■ **PROBLEM DETAILS**:
Using the records that follow, reproduce exactly the lines starting at the line containing "Camisa guayabera manga" and ending at the line containing "Deze eethoek sluit". Include both end lines and no pictures.

■ **AVAILABLE DATA**:

Content starts

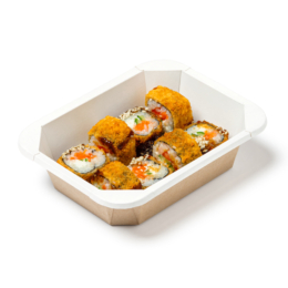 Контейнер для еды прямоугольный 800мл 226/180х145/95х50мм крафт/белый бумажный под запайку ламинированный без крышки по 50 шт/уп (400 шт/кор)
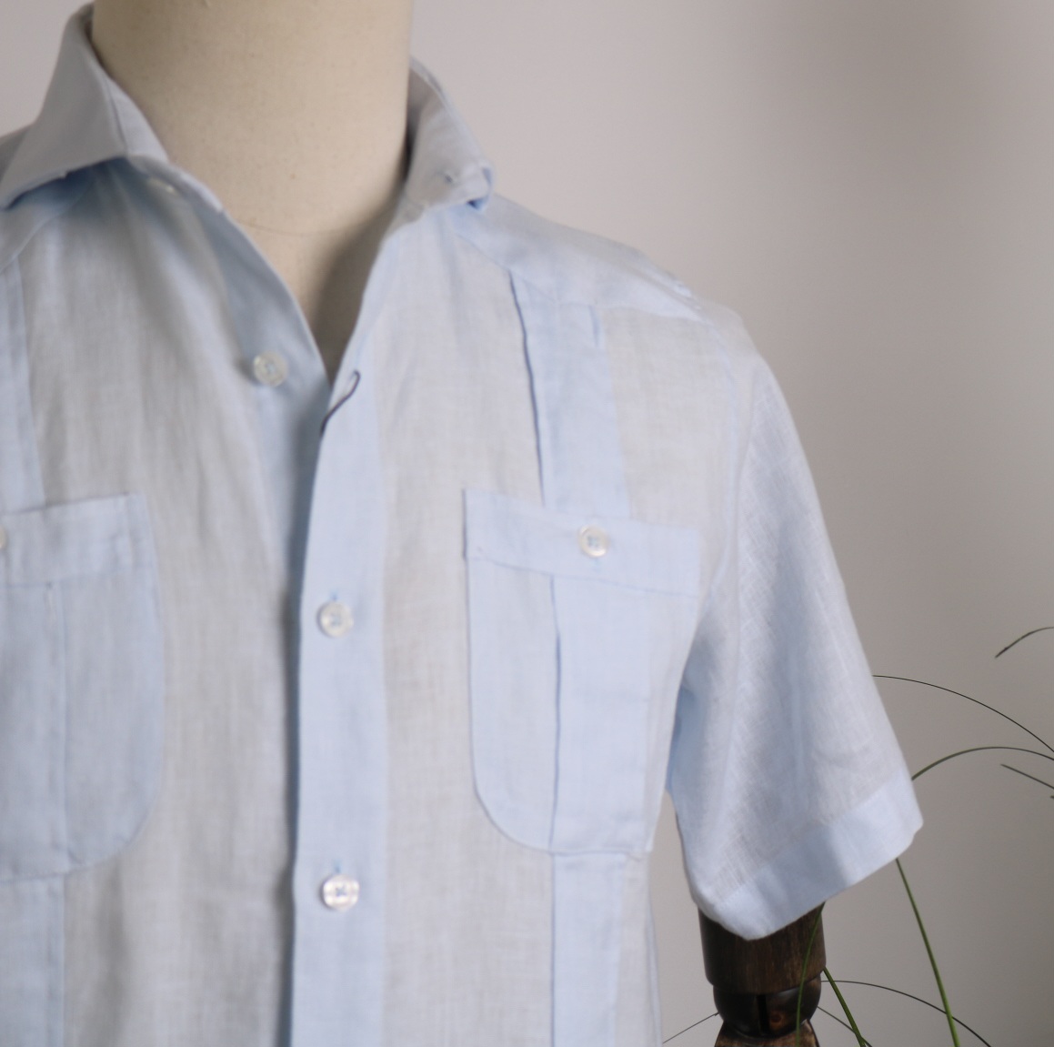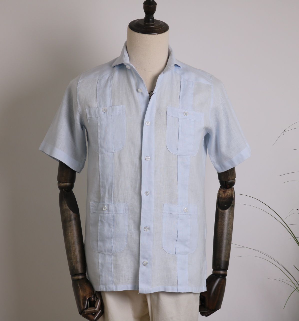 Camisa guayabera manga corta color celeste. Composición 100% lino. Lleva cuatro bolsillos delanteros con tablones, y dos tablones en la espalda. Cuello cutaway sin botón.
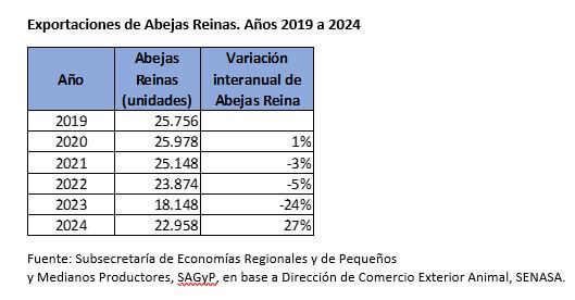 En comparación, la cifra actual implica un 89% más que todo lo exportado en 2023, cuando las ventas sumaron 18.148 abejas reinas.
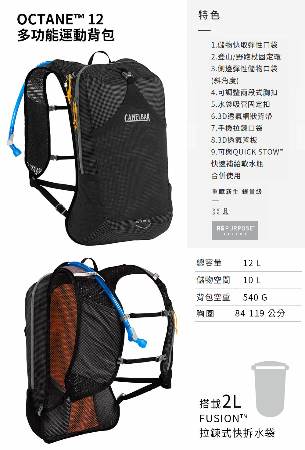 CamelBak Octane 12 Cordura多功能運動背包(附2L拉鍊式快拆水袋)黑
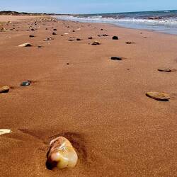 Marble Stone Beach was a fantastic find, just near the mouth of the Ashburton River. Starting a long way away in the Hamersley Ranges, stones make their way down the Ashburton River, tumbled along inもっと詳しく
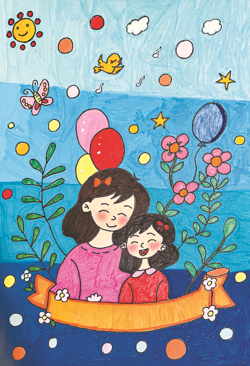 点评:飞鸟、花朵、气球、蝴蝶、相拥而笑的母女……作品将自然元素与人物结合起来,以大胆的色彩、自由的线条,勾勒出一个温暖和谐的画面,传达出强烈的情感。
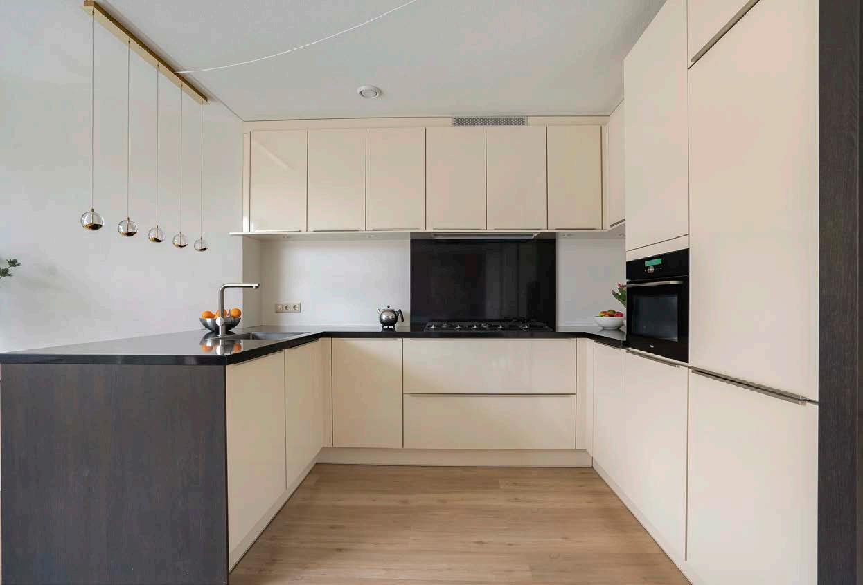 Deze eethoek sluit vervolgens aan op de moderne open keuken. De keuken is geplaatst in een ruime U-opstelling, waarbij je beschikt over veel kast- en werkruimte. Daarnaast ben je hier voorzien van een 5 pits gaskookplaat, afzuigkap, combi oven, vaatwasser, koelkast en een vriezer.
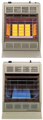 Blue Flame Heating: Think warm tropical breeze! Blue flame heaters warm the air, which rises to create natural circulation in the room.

Content ends
Content starts

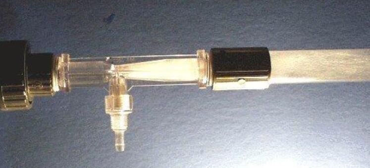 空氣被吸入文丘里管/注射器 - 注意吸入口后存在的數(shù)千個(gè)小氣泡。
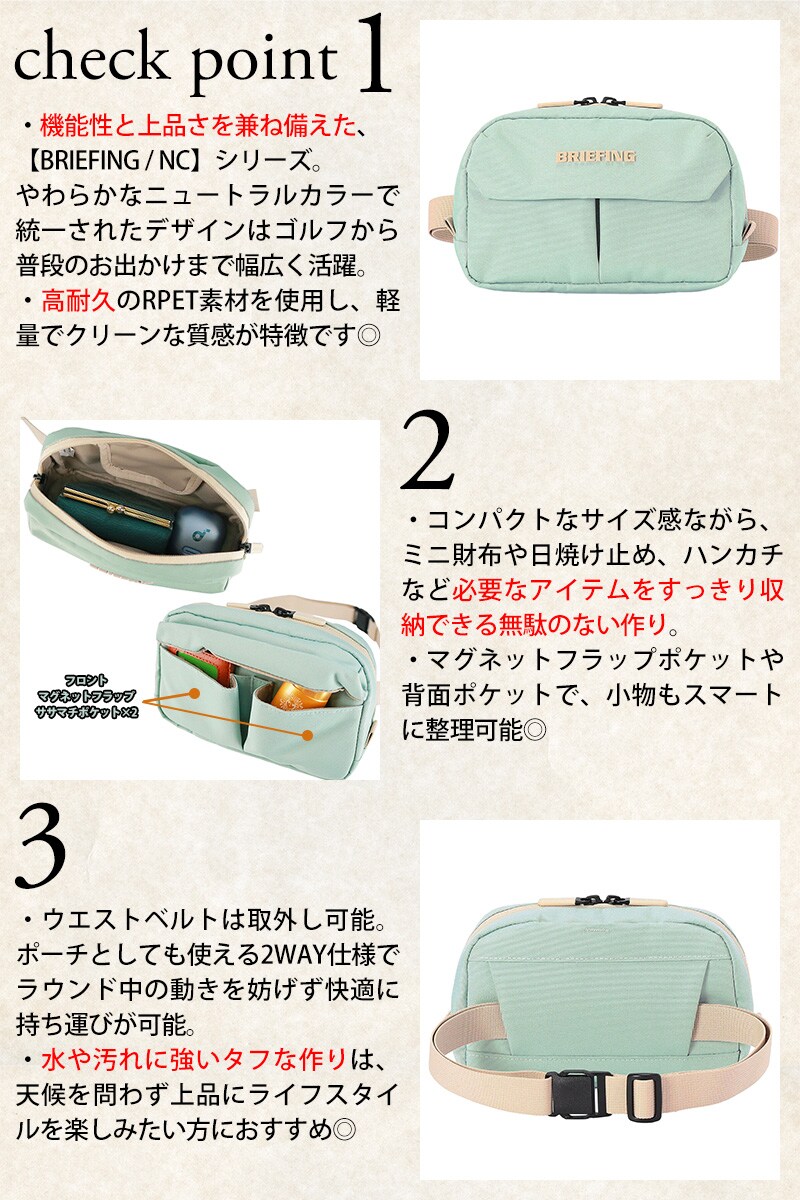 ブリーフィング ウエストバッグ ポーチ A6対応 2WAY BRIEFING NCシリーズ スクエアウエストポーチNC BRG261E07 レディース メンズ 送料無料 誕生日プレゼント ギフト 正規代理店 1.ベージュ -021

Content ends
Content starts

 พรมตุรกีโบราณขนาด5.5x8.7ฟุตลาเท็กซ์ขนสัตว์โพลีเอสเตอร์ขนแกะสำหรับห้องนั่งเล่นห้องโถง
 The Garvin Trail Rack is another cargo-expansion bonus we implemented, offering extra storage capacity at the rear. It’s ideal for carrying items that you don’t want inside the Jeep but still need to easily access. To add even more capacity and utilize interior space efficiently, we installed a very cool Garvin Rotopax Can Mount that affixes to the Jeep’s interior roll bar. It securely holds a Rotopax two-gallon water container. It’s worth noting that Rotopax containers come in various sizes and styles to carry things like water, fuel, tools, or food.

Content ends

■ **SOLUTION FOR THIS PROBLEM**:
 Camisa guayabera manga corta color celeste. Composición 100% lino. Lleva cuatro bolsillos delanteros con tablones, y dos tablones en la espalda. Cuello cutaway sin botón.
 En comparación, la cifra actual implica un 89% más que todo lo exportado en 2023, cuando las ventas sumaron 18.148 abejas reinas.
 CamelBak Octane 12 Cordura多功能運動背包(附2L拉鍊式快拆水袋)黑
 Marble Stone Beach was a fantastic find, just near the mouth of the Ashburton River. Starting a long way away in the Hamersley Ranges, stones make their way down the Ashburton River, tumbled along inもっと詳しく
 点评:飞鸟、花朵、气球、蝴蝶、相拥而笑的母女……作品将自然元素与人物结合起来,以大胆的色彩、自由的线条,勾勒出一个温暖和谐的画面,传达出强烈的情感。
 Deze eethoek sluit vervolgens aan op de moderne open keuken. De keuken is geplaatst in een ruime U-opstelling, waarbij je beschikt over veel kast- en werkruimte. Daarnaast ben je hier voorzien van een 5 pits gaskookplaat, afzuigkap, combi oven, vaatwasser, koelkast en een vriezer.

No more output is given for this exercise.